Response: In addition to providing cloud services and optimizing infrastructure, FinOp strategies can help businesses achieve cost optimization by automating tasktags, integrating machine learning, and adopting more sophisticated solutions like IA. While continuously evolving in a constant pace, FinOps provides opportunities for adapting quickly to changes and implementing culture of optimizing team-wide. The combination of proactive methodologies, a well-strategized approach, and cost transformation as the underlying motivator can lead to significant cost savings for businesses.

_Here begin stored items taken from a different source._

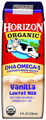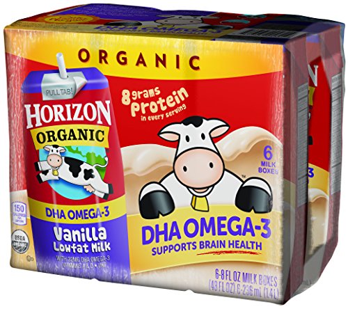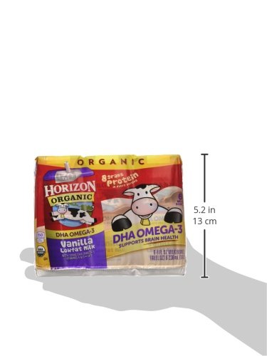 Horizon Organic Low Fat Organic Milk Box Plus DHA Omega-3, Vanilla, 6 Count (Pack of 3)
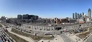 When the REM was initially proposed in April 2016, two "potential station locations" south of Gare Centrale were listed as Bridge-Wellington and Du Havre.[3] In November 2016, locations of downtown stations were confirmed, with Bassin Peel station to be located under the Peel Basin of the Lachine Canal, near the site of the former Goose Village neighbourhood.[4] The station was planned to be built underground, with one exit leading to Griffintown and the other to Pointe-Saint-Charles.[5] The local community requested that the station name reflect the Irish heritage of the area.[6]
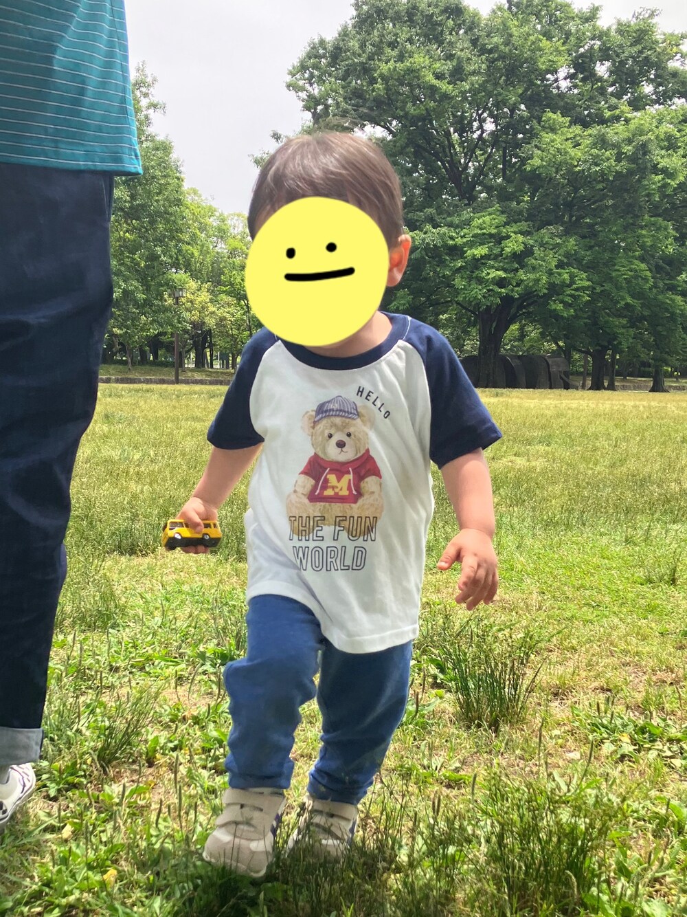 初めてのピクニック🌞 曇天だけど気持ちよかった☁️ 西松屋のくまTは去年からのリピ買い⭐️かわいい!
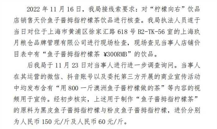 在该则处罚详情中,明确显示出黄浦区市场监督管理局在接到群众线索举报之后,对柠檬向右该家饮品店所正在出售的天价鱼子酱拇指柠檬茶饮品进行了检查,冬天前往现场进行执法的工作人员,发现店铺价目表中的鱼子酱拇指奶茶标价为300人民币,当事人在为店铺中的该种奶茶进行宣传活动时发布了一条内容声称,这种饮品用800一斤,澳洲鱼子酱柠檬茶制作而成等各种内容,调查之后发现柠檬奶茶的主要原料分别为黑皮子酱拇指柠檬以及粉皮,鱼子酱,拇指柠檬等,三种商品的进货价格分别为150元每斤以及60元每斤,这种制作饮品原材料的柠檬,价格要比宣传价格的800元一斤低了很多,因此当事人所使用的宣传标语,写出的内容明显和实际的进货价格出现了极度不符的情况。
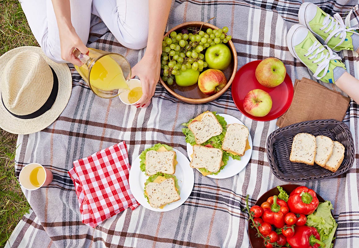 Selvsagt er det maten som spiller hovedrollen. Maten bør smake godt kald og være enkel å spise, så fingermat og ferdig oppskjærte, porsjonspakkede retter er perfekte. Du kan for eksempel gå for godt brød, frisk salat, fristende frukt og tradisjonelle piknikretter som pai og skotske egg.
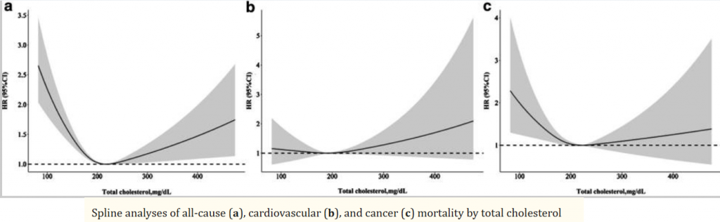 Another in a series of studies that contradicts the dogma that lower cholesterol is better. Although the authors calculated cut off points, using the spline graphs you can see that cholesterol up to about the 230 range is lowest risk of overall deaths and even 300 is better than 160. For cancer you’re safer at even higher levels.
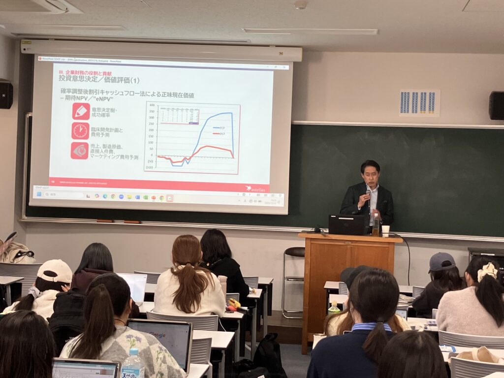 今回のゲスト講義では、医薬品ビジネスの本質は利益を追求することと同時に、患者様にとっての「価値」をいかに創出するのかにあることを学びました。長期的かつ不確実性の高い医薬品の研究開発を支えるためのファイナンス知識の重要性についてお話しいただきました。
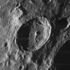 La Pérouse is a lunar impact crater that is located near the eastern limb of the Moon. It lies northwest of the larger crater Ansgarius, and to the east of Kapteyn. This crater appears foreshortened due to its location, but the rim is nearly circular when viewed from orbit.
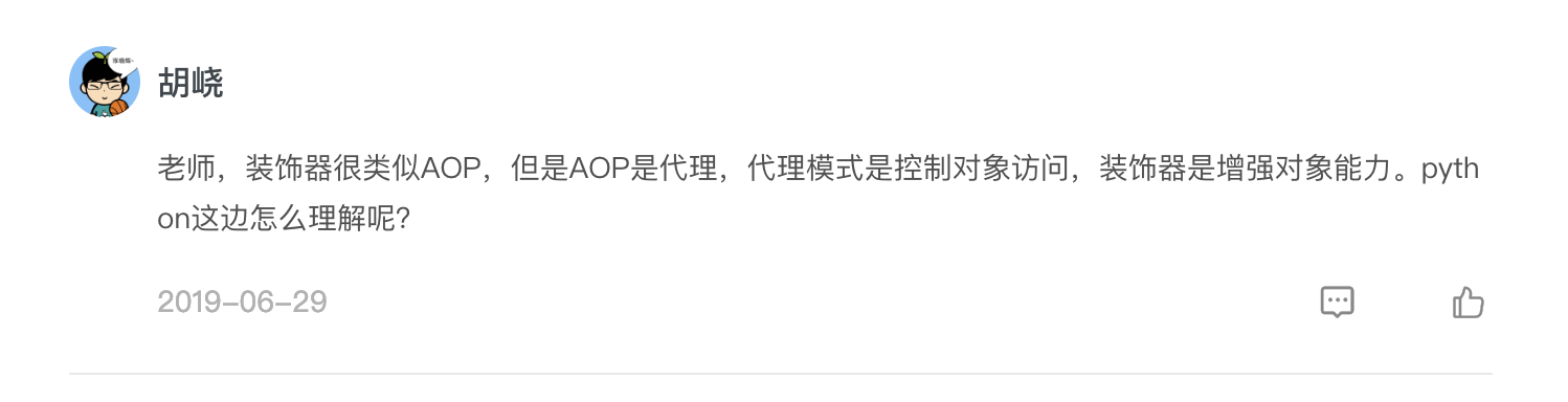 再来看第二个问题,胡峣同学对装饰器的疑问。事实上,装饰器的作用与意义,在于其可以通过自定义的函数或类,在不改变原函数的基础上,改变原函数的一些功能。
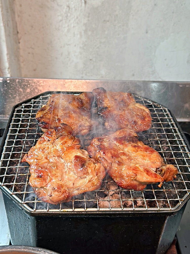 雞腿會先使用蒸烤爐烤過後再在炭火上烤過,香氣更上一層樓喔!
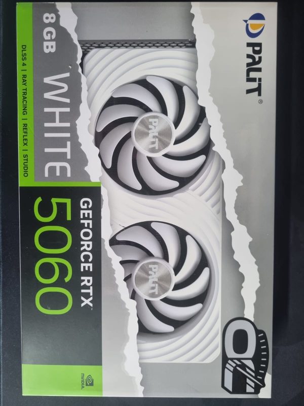 Pre-owned Palit GeForce RTX 5060 White OC with 8GB GDDR7 memory. Features factory overclock, ray tracing, DLSS support, and dual-fan cooling. Includes original packaging.
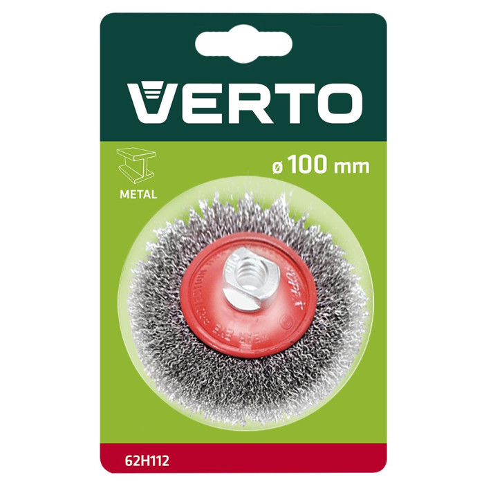 Дротяна щітка VERTO (арт. 62H112) діаметром 100 мм, виготовлена зі сталевого дроту товщиною 0,33 мм. Посилена конструкція кузова дозволяє ефективно очищати металоконструкції. Кріплення адаптоване для використання з кутовими шліфувальними машинами. Бренд VERTO пропонує широкий асортимент електроінструментів та аксесуарів для кожного майстра.
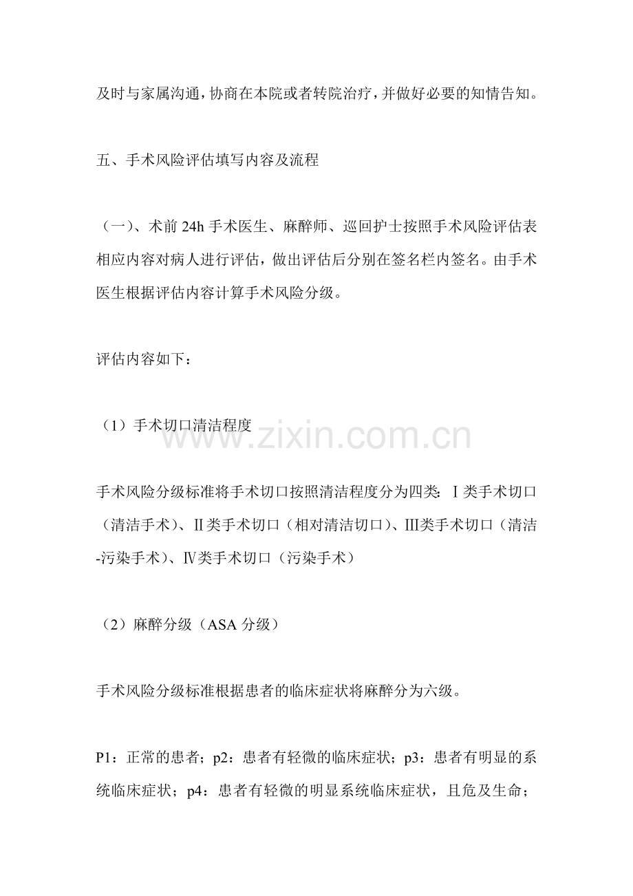 (一)、术前24h手术医生、麻醉师、巡回护士按照手术风险评估表相应内容对病人进行评估,做出评估后分别在签名栏内签名。由手术医生根据评估内容计算手术风险分级。
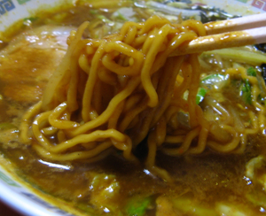 太めでちぢれのある麺がスープとからんで美味しいのです
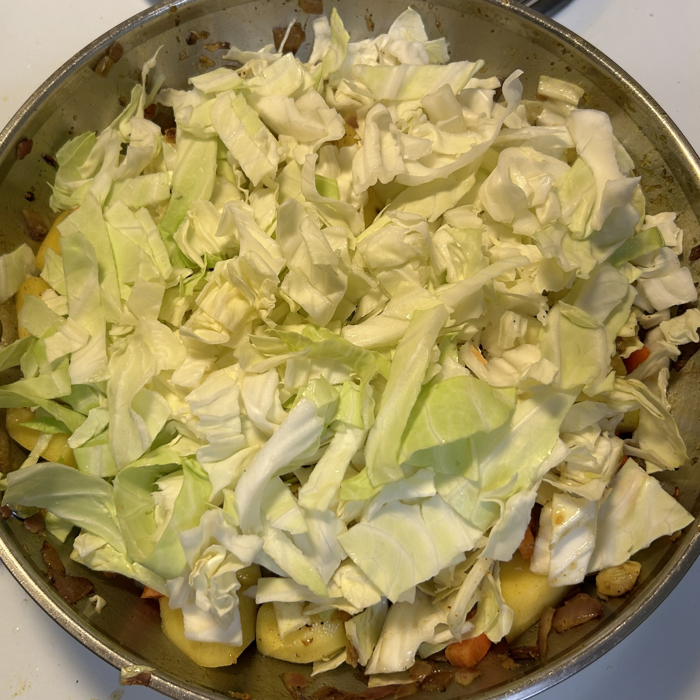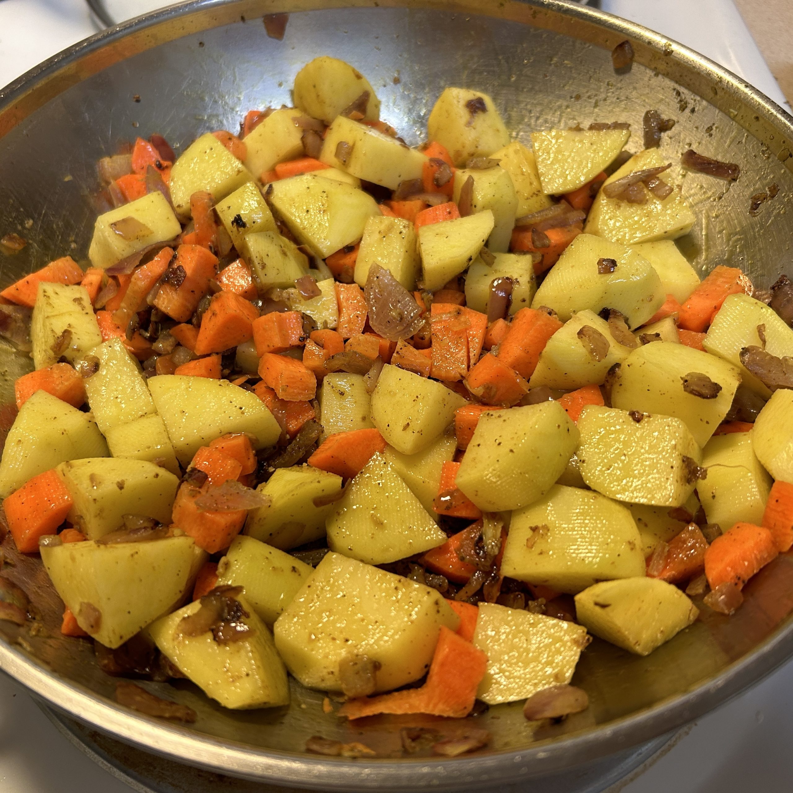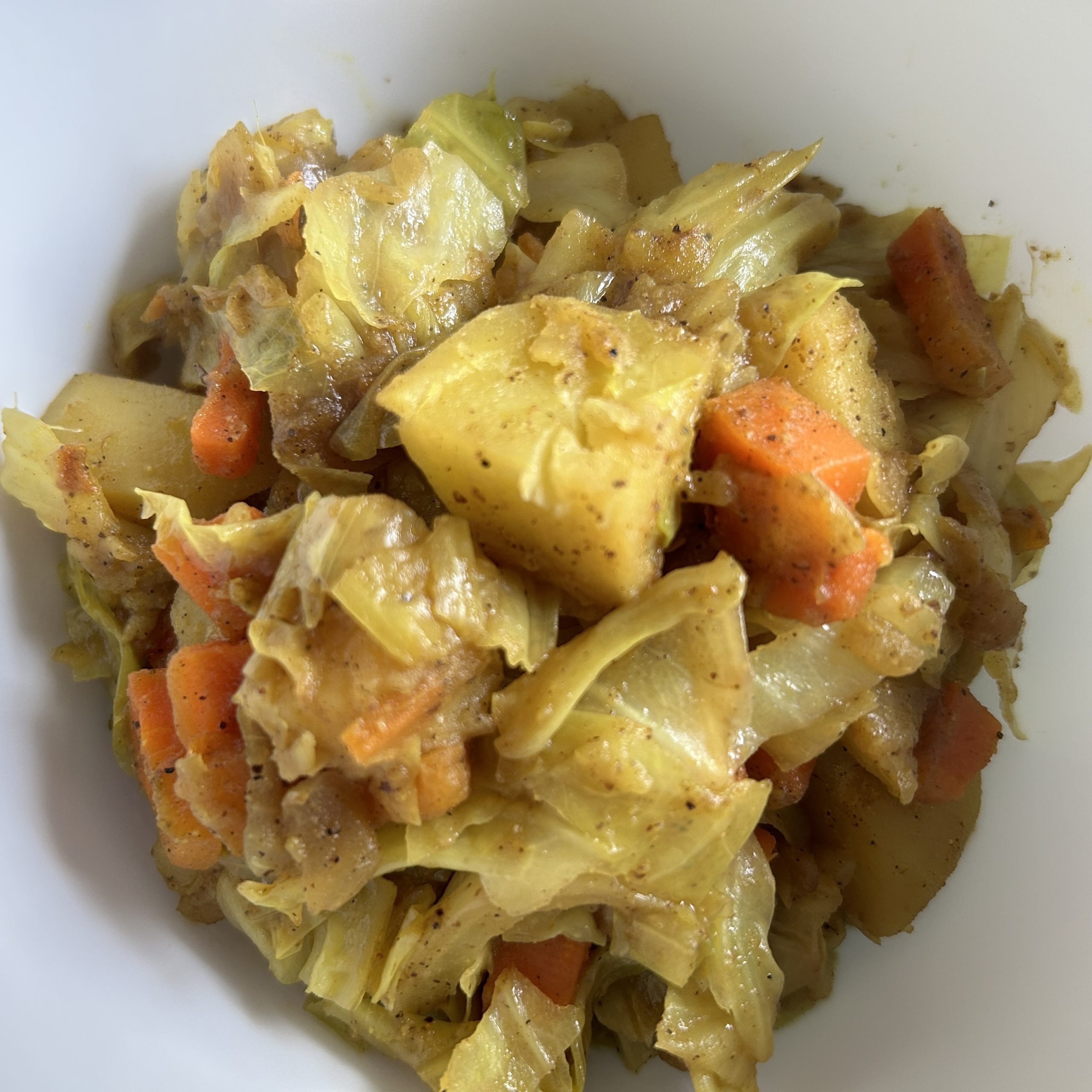 This dish includes cabbage, carrots and potatoes and is typically seasoned with ginger, garlic, turmeric and cumin and simmered on low until the vegetables are tender.
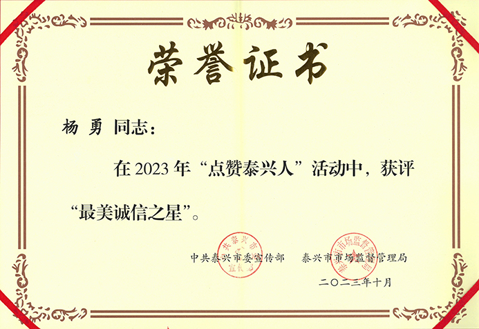 誠信是做人之本、立業之基,是社會有序運行、健康發展的重要基石。日前,泰興市委宣傳部、泰興市場監管局聯合開展2023年“點贊泰興人”活動。我單位董事長楊勇榮獲”最美誠信之星“榮譽稱號。

RAG Implementation in the Script:

1. Knowledge Base: We have a simple in-memory knowledge base represented by the `knowledge_base` which is a text file containing information about the cloud and FinOps. In a real-world scenario, this could be a much larger database or document store.

2. Retrieval Function: The `retrieve_context` function implements a basic retrieval mechanism. It searches the knowledge base for sentences containing the query and concatenates them.

3. RAG Process: The `rag_example` function ties it all together:
   - It first calls `retrieve_context` to get relevant information.
   - It then constructs a prompt that includes both the retrieved context and the original query.
   - Finally, it sends this enriched prompt to the language model via the `query_model` function.

This implementation allows the model to generate responses based on both its pre-trained knowledge and the specific information retrieved from the knowledge base.